START INFORMATION PROVIDED
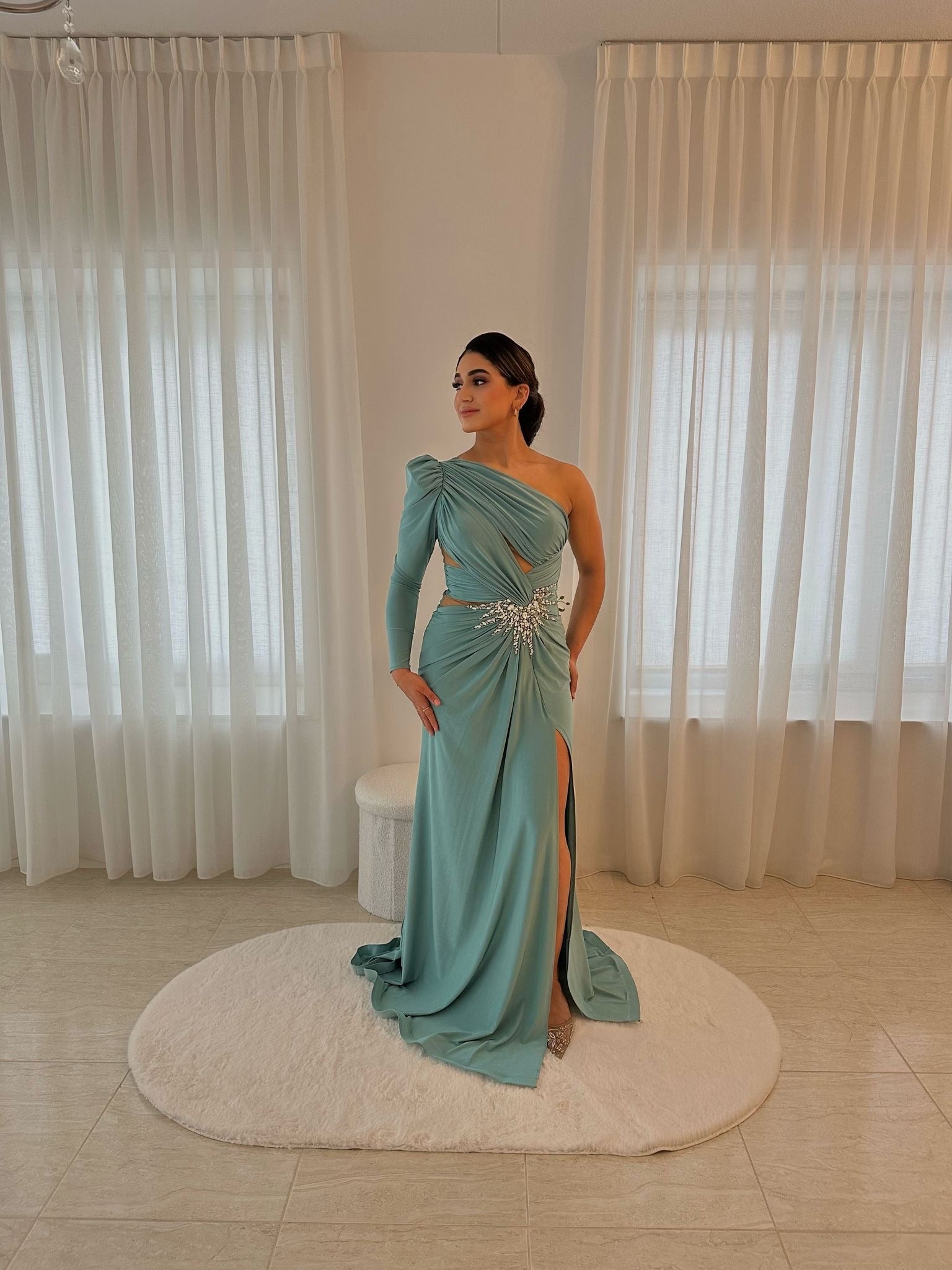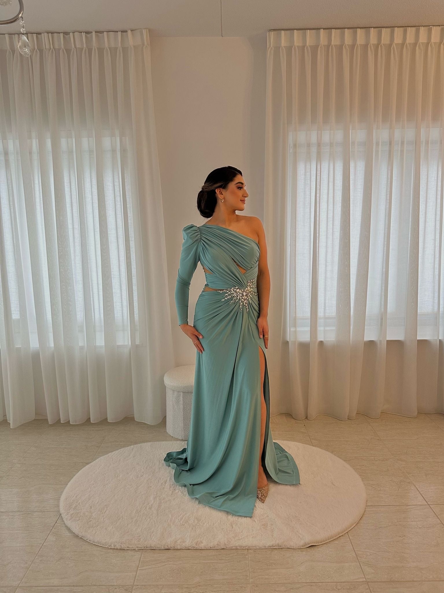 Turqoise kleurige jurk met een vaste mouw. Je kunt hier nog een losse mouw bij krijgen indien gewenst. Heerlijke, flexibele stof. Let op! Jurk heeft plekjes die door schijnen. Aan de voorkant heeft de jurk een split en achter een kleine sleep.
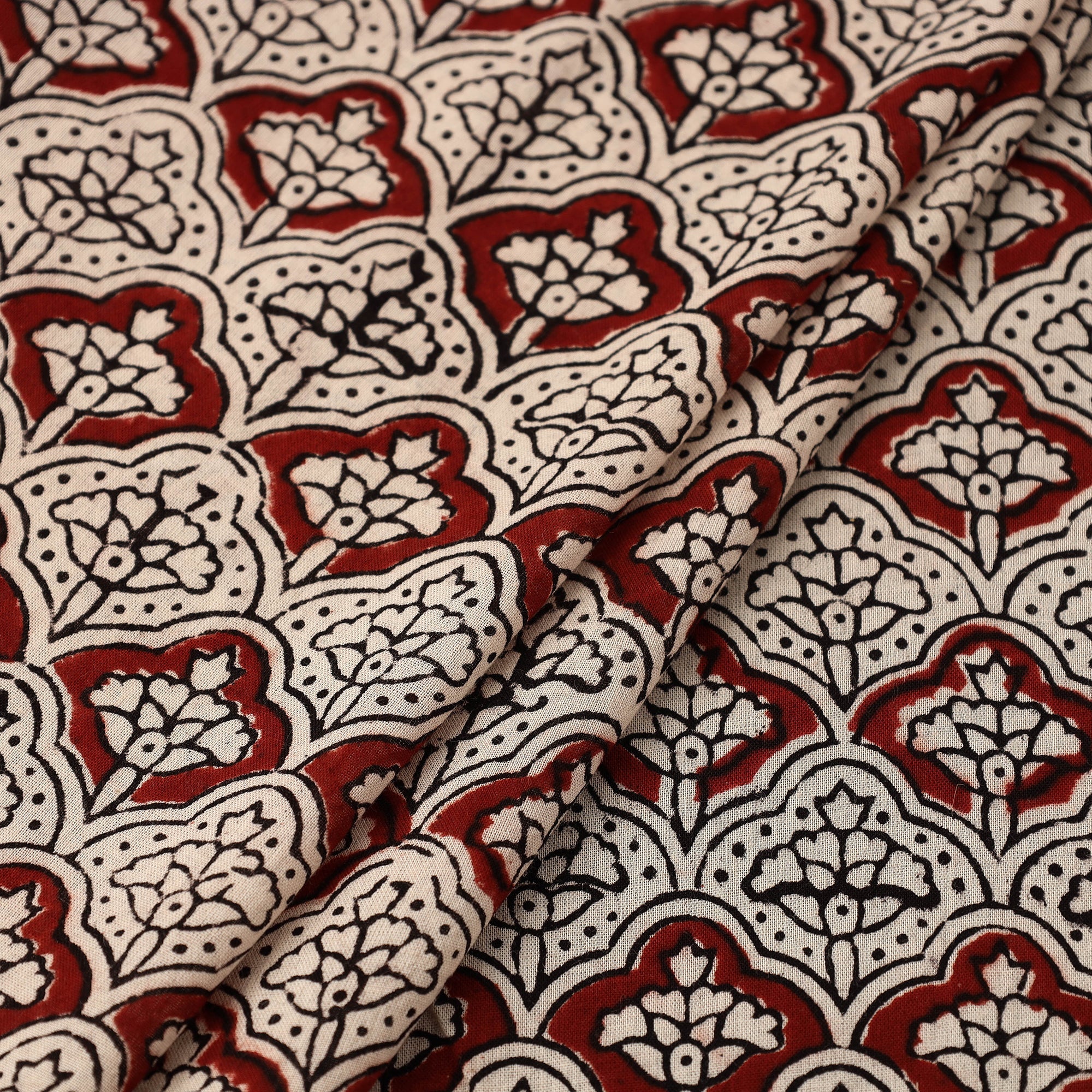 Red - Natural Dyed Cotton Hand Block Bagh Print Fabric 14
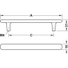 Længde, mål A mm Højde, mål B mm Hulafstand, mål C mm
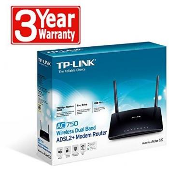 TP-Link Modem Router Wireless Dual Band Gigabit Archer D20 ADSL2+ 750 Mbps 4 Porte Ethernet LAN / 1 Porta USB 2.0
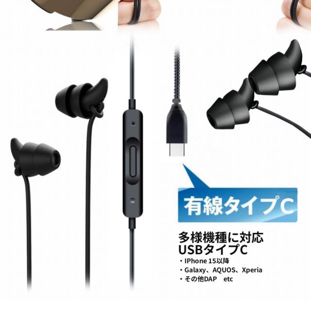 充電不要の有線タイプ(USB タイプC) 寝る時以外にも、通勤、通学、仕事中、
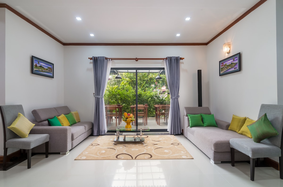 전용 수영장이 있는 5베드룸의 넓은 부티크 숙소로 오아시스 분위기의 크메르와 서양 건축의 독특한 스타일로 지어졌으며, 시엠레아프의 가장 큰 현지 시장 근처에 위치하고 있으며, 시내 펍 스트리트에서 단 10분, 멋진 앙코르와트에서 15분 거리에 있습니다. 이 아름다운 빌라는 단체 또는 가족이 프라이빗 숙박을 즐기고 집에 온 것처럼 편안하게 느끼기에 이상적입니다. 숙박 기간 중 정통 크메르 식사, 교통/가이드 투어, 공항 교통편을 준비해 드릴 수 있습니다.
END INFORMATION PROVIDED
== PROBLEM TO SOLVE ==
One exact copy of the data is required, and it should hold no pictures.

== OUTPUT BELOW ==
 Turqoise kleurige jurk met een vaste mouw. Je kunt hier nog een losse mouw bij krijgen indien gewenst. Heerlijke, flexibele stof. Let op! Jurk heeft plekjes die door schijnen. Aan de voorkant heeft de jurk een split en achter een kleine sleep.
 Red - Natural Dyed Cotton Hand Block Bagh Print Fabric 14
 Længde, mål A mm Højde, mål B mm Hulafstand, mål C mm
 TP-Link Modem Router Wireless Dual Band Gigabit Archer D20 ADSL2+ 750 Mbps 4 Porte Ethernet LAN / 1 Porta USB 2.0
 充電不要の有線タイプ(USB タイプC) 寝る時以外にも、通勤、通学、仕事中、
 전용 수영장이 있는 5베드룸의 넓은 부티크 숙소로 오아시스 분위기의 크메르와 서양 건축의 독특한 스타일로 지어졌으며, 시엠레아프의 가장 큰 현지 시장 근처에 위치하고 있으며, 시내 펍 스트리트에서 단 10분, 멋진 앙코르와트에서 15분 거리에 있습니다. 이 아름다운 빌라는 단체 또는 가족이 프라이빗 숙박을 즐기고 집에 온 것처럼 편안하게 느끼기에 이상적입니다. 숙박 기간 중 정통 크메르 식사, 교통/가이드 투어, 공항 교통편을 준비해 드릴 수 있습니다.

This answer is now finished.